======== Records for the task ========

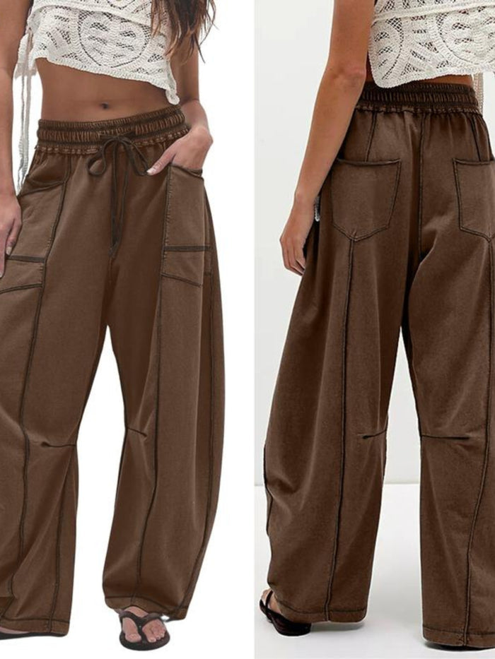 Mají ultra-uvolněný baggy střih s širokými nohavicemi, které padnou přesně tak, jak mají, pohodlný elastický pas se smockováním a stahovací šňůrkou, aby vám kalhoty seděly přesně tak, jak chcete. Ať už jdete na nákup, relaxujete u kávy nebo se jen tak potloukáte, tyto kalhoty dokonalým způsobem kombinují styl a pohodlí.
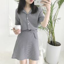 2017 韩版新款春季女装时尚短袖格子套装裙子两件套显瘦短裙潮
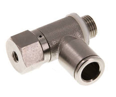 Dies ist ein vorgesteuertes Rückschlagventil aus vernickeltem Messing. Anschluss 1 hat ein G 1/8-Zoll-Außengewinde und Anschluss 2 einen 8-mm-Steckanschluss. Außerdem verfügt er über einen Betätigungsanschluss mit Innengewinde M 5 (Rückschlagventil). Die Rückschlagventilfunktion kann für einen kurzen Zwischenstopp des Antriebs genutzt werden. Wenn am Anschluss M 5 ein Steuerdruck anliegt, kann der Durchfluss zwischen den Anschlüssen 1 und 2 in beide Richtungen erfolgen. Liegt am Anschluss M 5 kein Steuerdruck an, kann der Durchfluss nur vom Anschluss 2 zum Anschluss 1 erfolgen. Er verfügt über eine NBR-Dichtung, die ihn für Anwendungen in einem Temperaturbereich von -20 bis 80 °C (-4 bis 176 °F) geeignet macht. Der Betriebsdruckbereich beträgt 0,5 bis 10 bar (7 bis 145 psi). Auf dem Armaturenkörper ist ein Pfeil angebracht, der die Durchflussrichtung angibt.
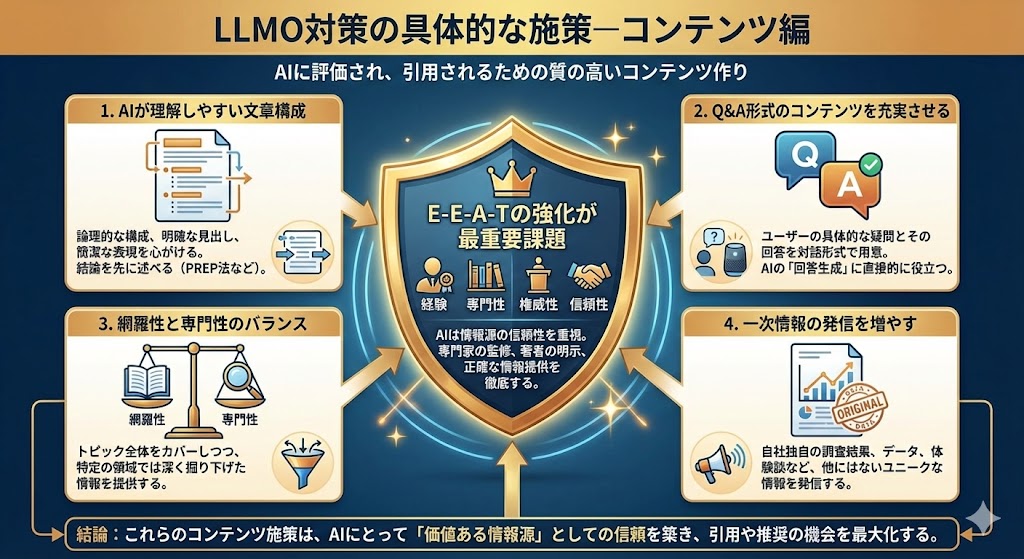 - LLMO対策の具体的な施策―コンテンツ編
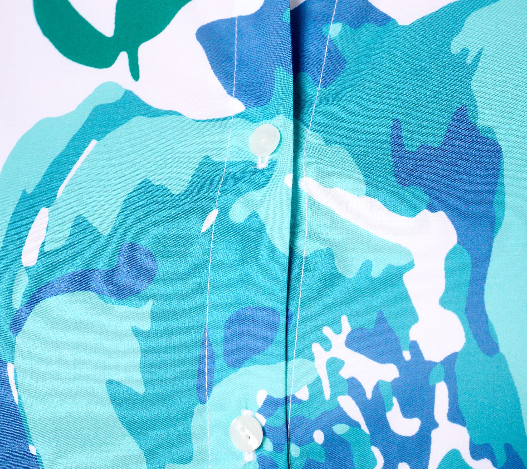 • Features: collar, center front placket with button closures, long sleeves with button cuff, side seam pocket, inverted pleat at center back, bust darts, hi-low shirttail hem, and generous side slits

========

## Try it:
Print the material word for word; images are to be left out.

## Response:
 Mají ultra-uvolněný baggy střih s širokými nohavicemi, které padnou přesně tak, jak mají, pohodlný elastický pas se smockováním a stahovací šňůrkou, aby vám kalhoty seděly přesně tak, jak chcete. Ať už jdete na nákup, relaxujete u kávy nebo se jen tak potloukáte, tyto kalhoty dokonalým způsobem kombinují styl a pohodlí.
 2017 韩版新款春季女装时尚短袖格子套装裙子两件套显瘦短裙潮
 Dies ist ein vorgesteuertes Rückschlagventil aus vernickeltem Messing. Anschluss 1 hat ein G 1/8-Zoll-Außengewinde und Anschluss 2 einen 8-mm-Steckanschluss. Außerdem verfügt er über einen Betätigungsanschluss mit Innengewinde M 5 (Rückschlagventil). Die Rückschlagventilfunktion kann für einen kurzen Zwischenstopp des Antriebs genutzt werden. Wenn am Anschluss M 5 ein Steuerdruck anliegt, kann der Durchfluss zwischen den Anschlüssen 1 und 2 in beide Richtungen erfolgen. Liegt am Anschluss M 5 kein Steuerdruck an, kann der Durchfluss nur vom Anschluss 2 zum Anschluss 1 erfolgen. Er verfügt über eine NBR-Dichtung, die ihn für Anwendungen in einem Temperaturbereich von -20 bis 80 °C (-4 bis 176 °F) geeignet macht. Der Betriebsdruckbereich beträgt 0,5 bis 10 bar (7 bis 145 psi). Auf dem Armaturenkörper ist ein Pfeil angebracht, der die Durchflussrichtung angibt.
 - LLMO対策の具体的な施策―コンテンツ編
 • Features: collar, center front placket with button closures, long sleeves with button cuff, side seam pocket, inverted pleat at center back, bust darts, hi-low shirttail hem, and generous side slits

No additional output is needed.